Let $(M,g)$ be a Riemannian manifold and let us denote the Hessian of a function $u$ by $\mathrm{Hess}(u)$. Denote the gradient of a function $f$ by $\nabla f$. I want to prove that the formula
$2\mathrm{Hess}(u)(\nabla f, \nabla h)= g(\nabla f, \nabla g(\nabla u, \nabla h)) + g(\nabla h, \nabla g(\nabla u, \nabla f)) - g(\nabla u, \nabla g(\nabla f, \nabla h)) $
is valid for all functions $f$ and $h$ on $M$.
I am completely stuck. I have tried to compute the gradient of $g(\nabla f, \nabla h)$ for example trying to use the definition of the gradient but nothing seems to work. I would preffer not to put this in coordinates since it seems that it will be a pain, but if it is the only way then, well...
Honestly, I think index notation is less of a pain here: when we apply the product rule/metric compatiblity, it makes it easy to keep track of which slot of the Hessian we're applying the metric to. Since $f,u,h$ are all scalars, we can write all derivatives as postfix indices without getting confused, and raise and lower indices with the metric as usual. In this notation the RHS is
$$ f_i \nabla^i (u^j h_j) + h_i \nabla^i (u^j f_j) - u^j \nabla_j (f_i h^i).$$
Expanding the derivatives with the product rule gives
$$ f_i u^{ji} h_j + f^i u^j h_{ij} + h_i u_j f^{ij} + h_i f_j u^{ij} - u^j h^i f_{ij} - u_j f_i h^{ij}.$$
Cancelling the 3rd and 5th terms and likewise the 2nd and last we are left with
$$ 2 f_i h_j u^{ij} = 2 {\rm Hess}(u)(\nabla f, \nabla h)$$ as desired.

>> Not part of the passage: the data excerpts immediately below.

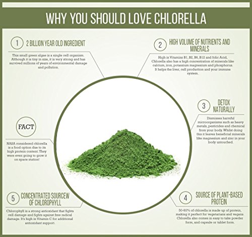 -. Feature : ❤️ NATURE'S ULTIMATE DETOX SUPPLEMENT: Chlorella is believed to help 'detox' the body, and to increase the number of good bacteria in the body. It is also believed to help with energy levels. HIGH IN BETA CAROTENE AND CHLOROPHYLL - two of nature's most powerful 'plant foods' that may / ❤️ Our chlorella is the broken cell wall variety which increases the nutrients available for absorption / ❤️ Contribute to some of the health effects of plant-foods. / ❤️ Contributes to immune system support, reduction of tiredness & blood sugar support / ❤️ HIGH IN PROTEIN - a great source of plant-based protein - get your protein WITHOUT eating animal foods! Chlorella also contains a lot of Vitamin A, B2, Iron, and Zinc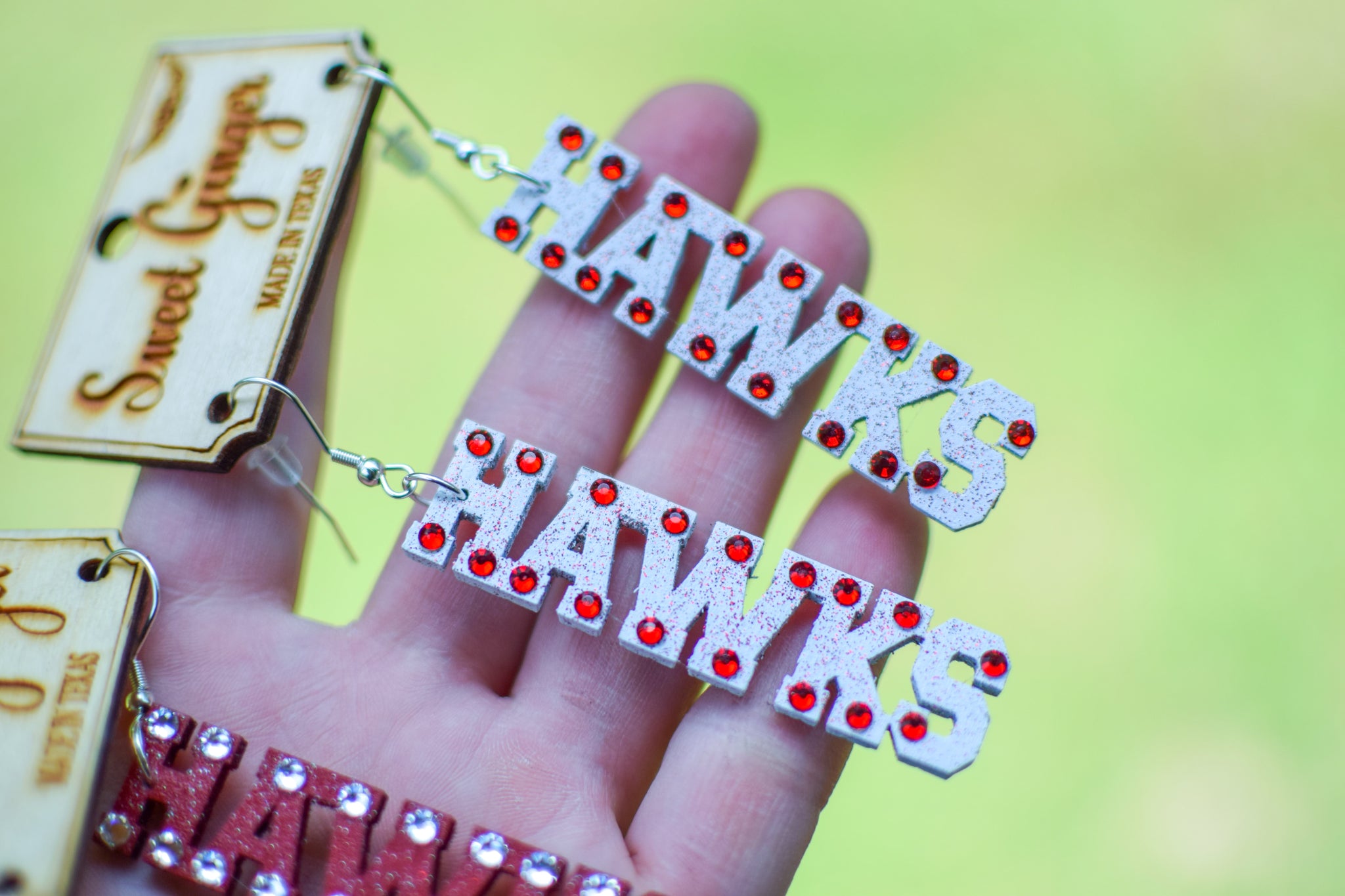 please pick drop down menu for options. There are 2 choices. White with red stones and red with clear stones. They both are covered in a shimmer top coat.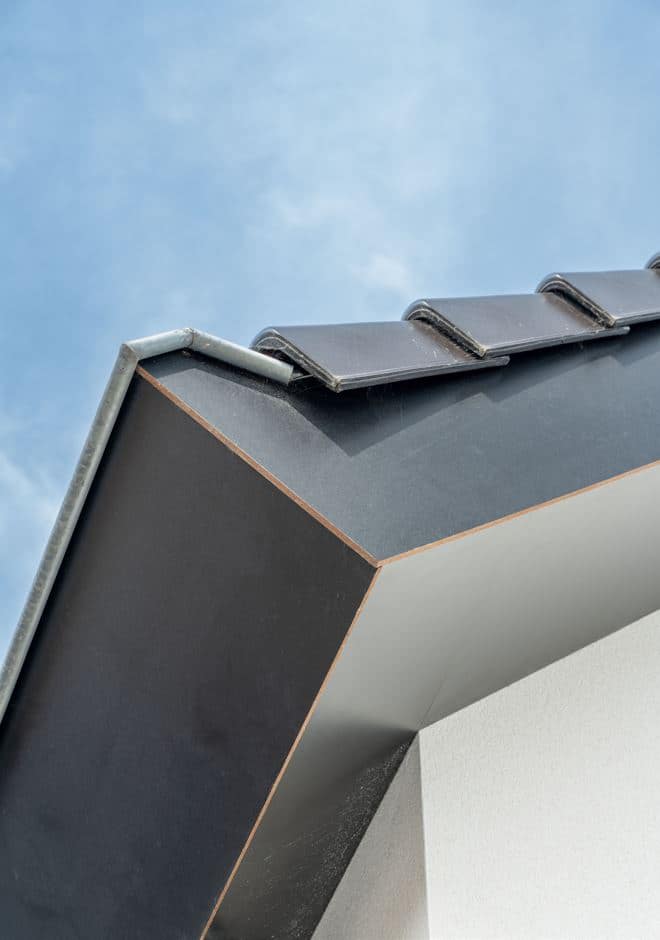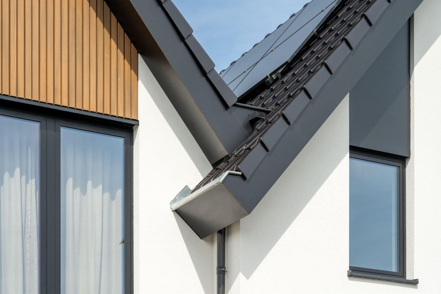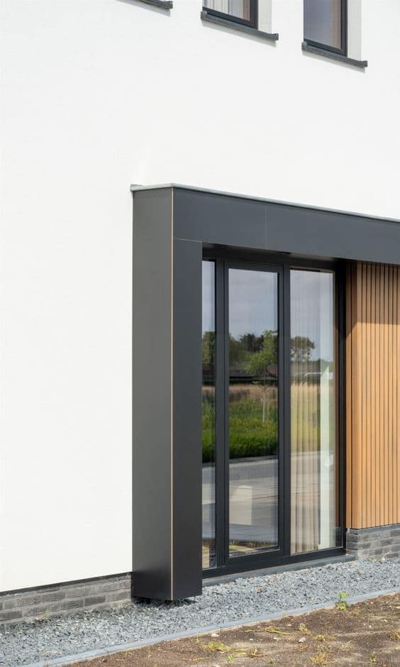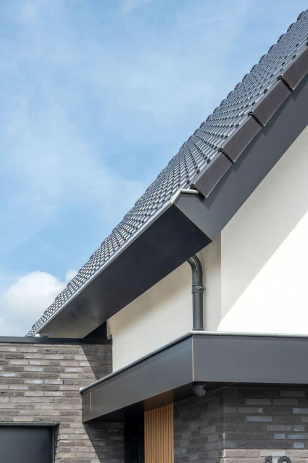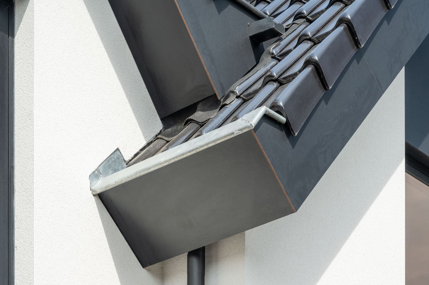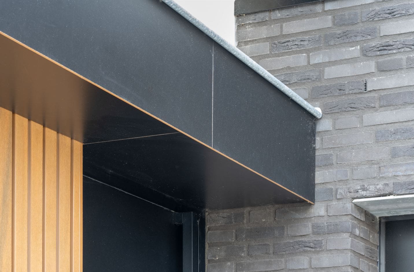 Een opvallend architectonisch element is het antracietkleurige overstek, uitgevoerd in Rockpanel. Dit accent geeft de woning niet alleen diepte en dynamiek, maar onderstreept ook de hoogwaardige afwerking van het geheel. De materialen zijn gekozen vanwege hun duurzame eigenschappen en onderhoudsvriendelijkheid, wat deze woning toekomstbestendig maakt.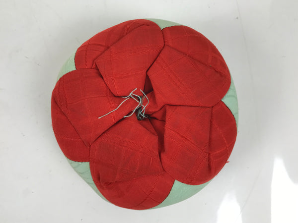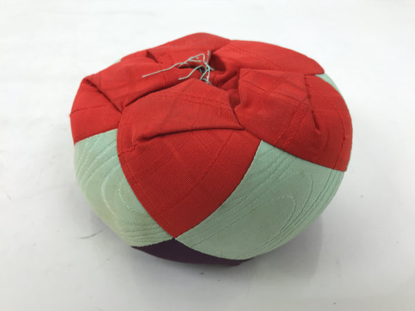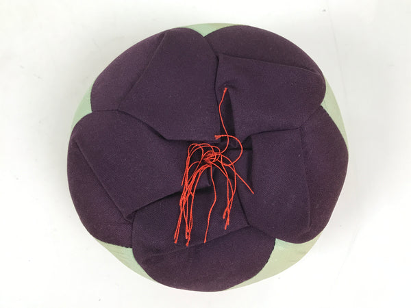 This is a vintage Japanese orin bell for Buddhist altars. It contains a bronze metal bowl with a dark brown wooden striker. It rests on a red, grayish blue, and purple silk pillow with red and blue tassels, as well as on a hexagonal black and gold lacquered resin stand.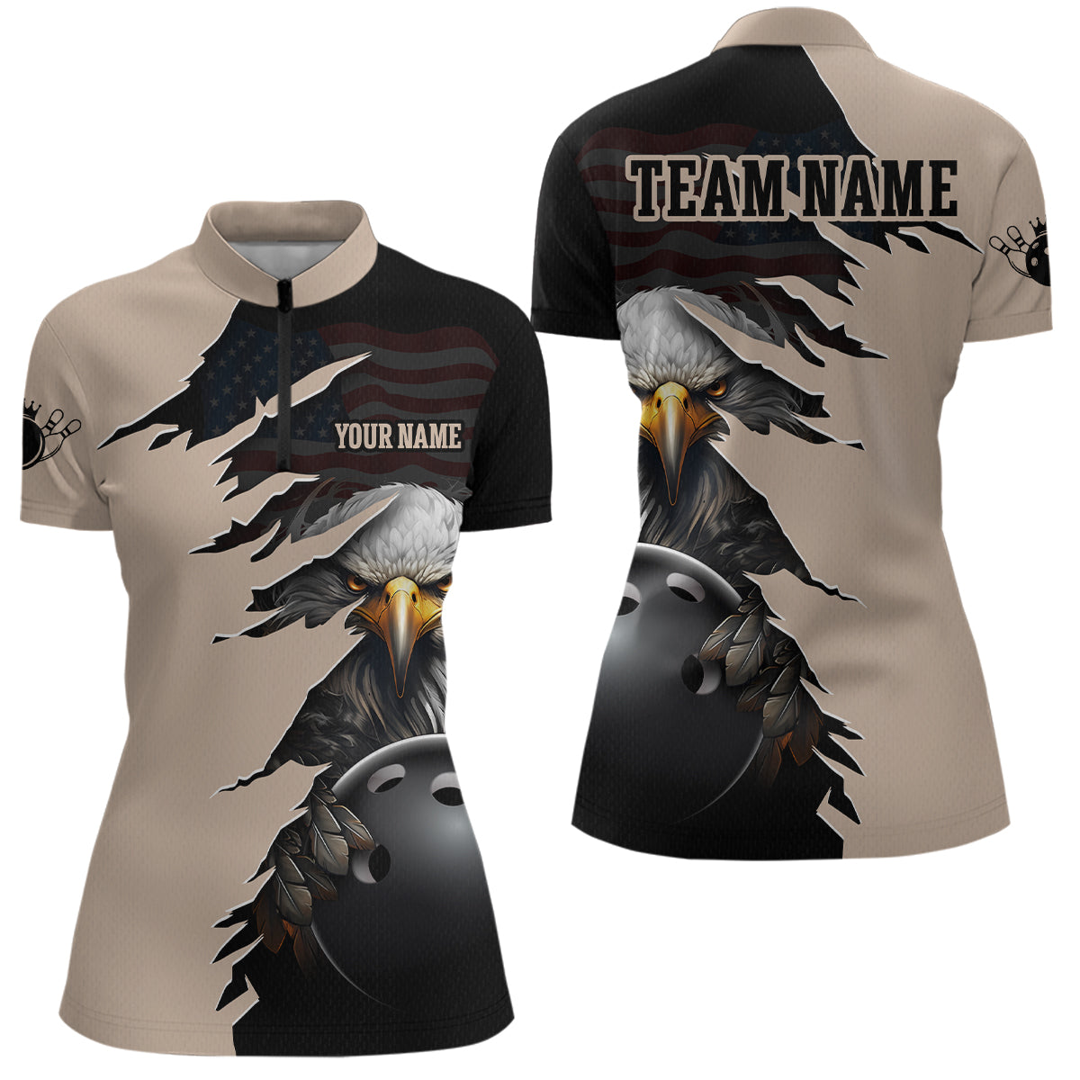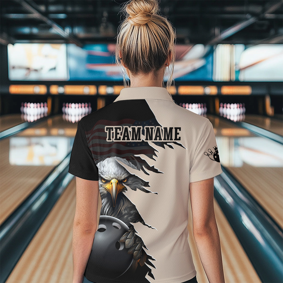 US Flag Eagle 3D Bowling Shirt for Women Custom Name Polo & Quarter-zip Bowling Jersey with Team HNT05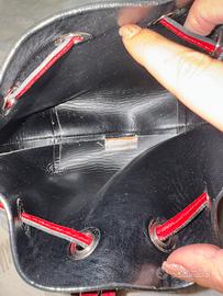 Chiusura con laccetto scorrevole attraverso occhielli metallici color argento.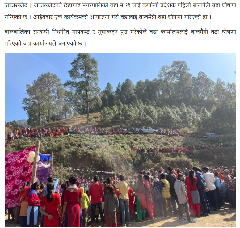 कर्णालि प्रदेशको पहिलो बालमैत्रि वडा घोषणा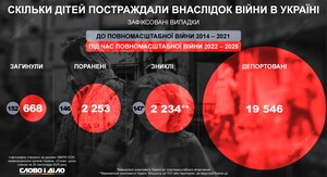 Погибшие, раненые, депортированные: оценка потерь среди детей из-за агрессии рфСколько украинских детей пострадали, погибли или были депортированы в рф за годы российской агрессии – на инфографике Слово и дело.
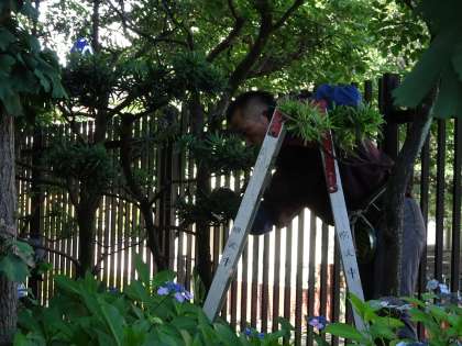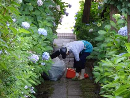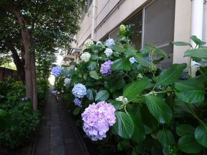 あじさい通りのあじさいがきれいに咲いていました。その奥では主事さんたちが枝の剪定や掃除をしてくれていました。いつも校内をきれいにしていただき、本当にありがとうございます。(遠藤)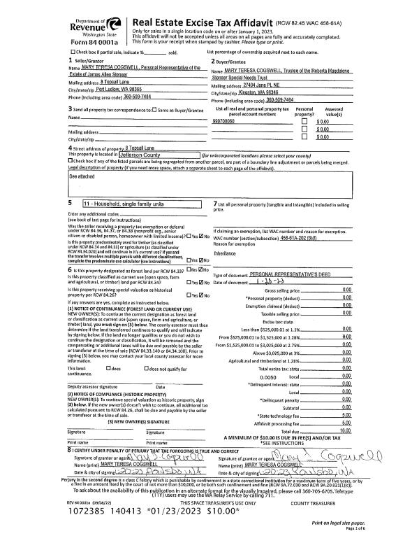 | Mailing Address: | WA ST NONPROFIT CORP PO BOX 85 PORT HADLOCK, WA 98339-0085 | % Ownership: | 100.0000000000% |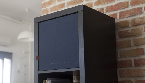 Колонка Morel Högtalare має лаконічний, сучасний дизайн, який буде доречний у будь-якому приміщенні. Її можна поставити на полицю або закріпити на стіні (для кріплення колонки на стіну потрібно придбати спеціальний кронштейн). Колонка Högtalare спеціально розроблена так, що за своїми розмірами ідеально вписуватись у будь-яку полицю або стелаж системи Kallax/Expedit від IKEA. Корпус колонки має чорний колір, але покупець може вибрати одну з чотирьох моделей, що відрізняються кольором грати гриля - Black Out, Blue Blend, Red Statement і White Minimal. Грилі знімний та їх можна купувати окремо, вносячи різноманітність у зовнішній вигляд колонки.

Note that we treated $f_i, u_i, h_i$ as vectors throughout - this reflects the fact that this a special case of the identity
$$ 2 (\nabla \theta) (X,Y) = g(X, \nabla (\theta(Y))) + g(Y, \nabla (\theta (X)) - \theta (\nabla (g(X,Y)))$$
with $ \theta = du, X = \nabla f, Y = \nabla g$.